I disagree with your explanation of Tim Cook’s comments. He didn’t have to say a thing about iPhone sales. He reiterated the sales goal (not a promise) and indicated that Apple was confident it would meet the sales goal.
Apple delivers numbers (which by law have to be accurate / honest) 4 times a year. The stock price will eventually correlate to those numbers. If Apple commented on all of the boneheaded comments that pass for Analysis, they would be very busy indeed.
I like Apple’s traditional approach of not commenting on anything outside of quarterly financial results. Let the idiots bloviate all they want – the truth will set the record straight.
Let’s note that Apple just reported its’ best Fiscal Year / Quarterly results EVER.
The Street and Microsoft are run by reactionary conservatives. Apple is a progressive company and scares these guys. Their world is constantly threatened by them. They can try to keep Apple down, but fearmongering only goes so far, ultimately the people see through it and go for what works.

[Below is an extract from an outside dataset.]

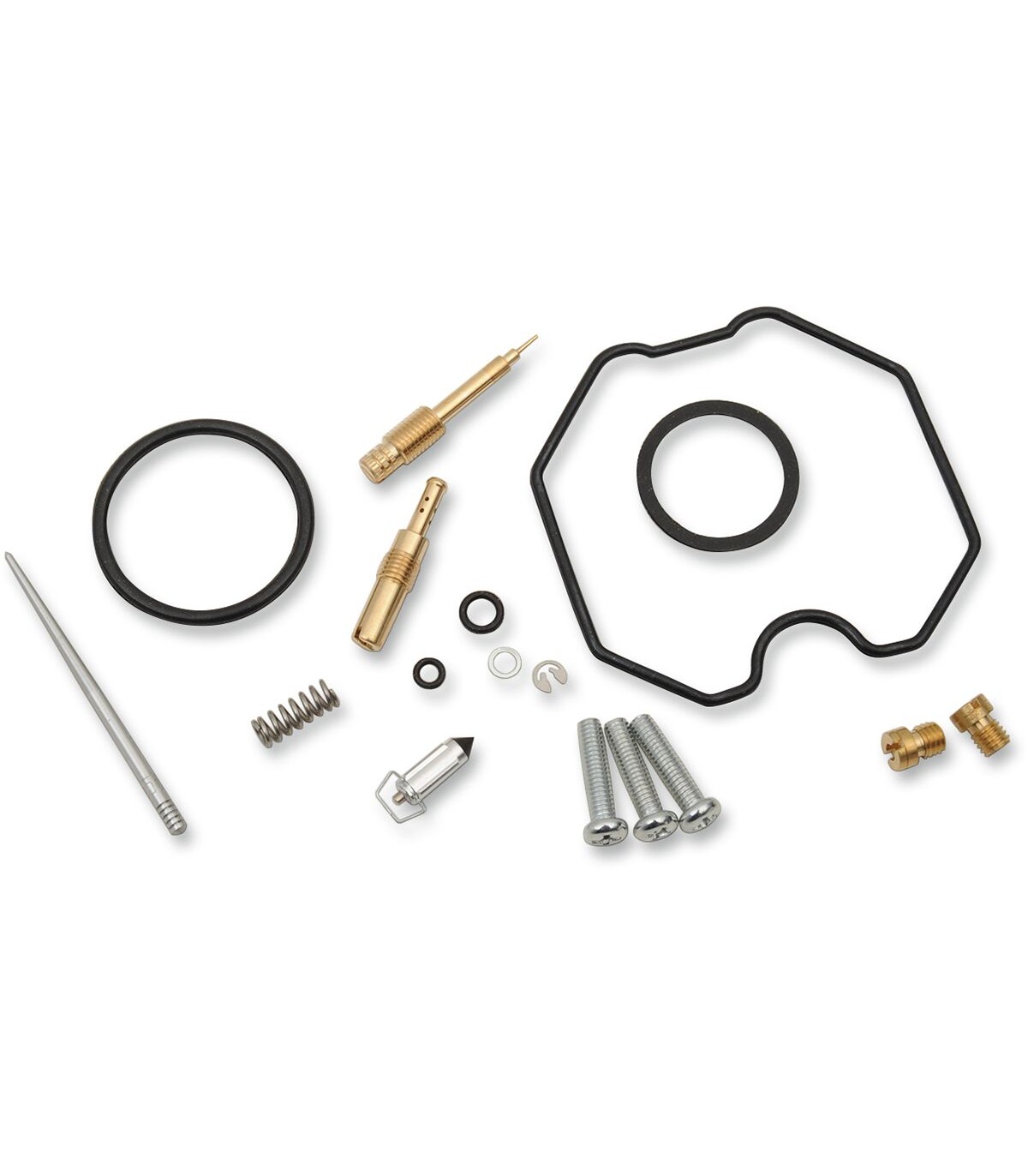 Kit de réparation pour carburateur HondaLes joints toriques et les joints en caoutchouc sont en caoutchouc nitrile (NBR) ; le NBR affiche une excellente résistance à l’éthanol utilisé dans les carburants actuels.Le kit inclut des joints toriques, des joints, des gicleurs, une aiguille, une vis de richesse, des vis pour cuve de flotteur, un pointeau et un siège de pointeau.Gicleurs de même taille que ceux d’origine inclus

When Cook made his remark about Apple being willing to revisit the single-carrier marketing model for the iPhone he was probably thinking of the foreign market. The arrangement works sufficiently well in the US that Apple has no compelling reason to change it. But after all these months, the iPhone is officially available in only three, count ’em, three foreign countries, although there’s allegedly a thriving grey market for unlocked iPhones in other nations, and iPhone sales are much less than they could be. I suspect the reason is that Apple is discovering it’s much harder to negotiate deals with foreign carriers than they had originally imagined due to problems with local laws, politics, cultures, and technologies. They’re not used to situations where you have to deposit a couple of million in the Cayman Islands bank account of the brother-in-law of the Minister of Torture before you’re even allowed to start negotiations with a local carrier, but a lot of the world still works that way. Apple has two possible ways of responding. One is the “wink-wink nudge-nudge” approach where they sell only locked iPhones, but are careful not to make them very difficult to unlock (this is their current policy). The other is to offer unlocked iPhones in all countries where single-carrier contracts don’t exist (i. e., not in the US, UK, France, or Germany). Especially since weak iPhone sales helped trigger AAPL’s tumble, Apple has a powerful reason to rethink its current policy (lots of folks in Cupertino have AAPL stock options).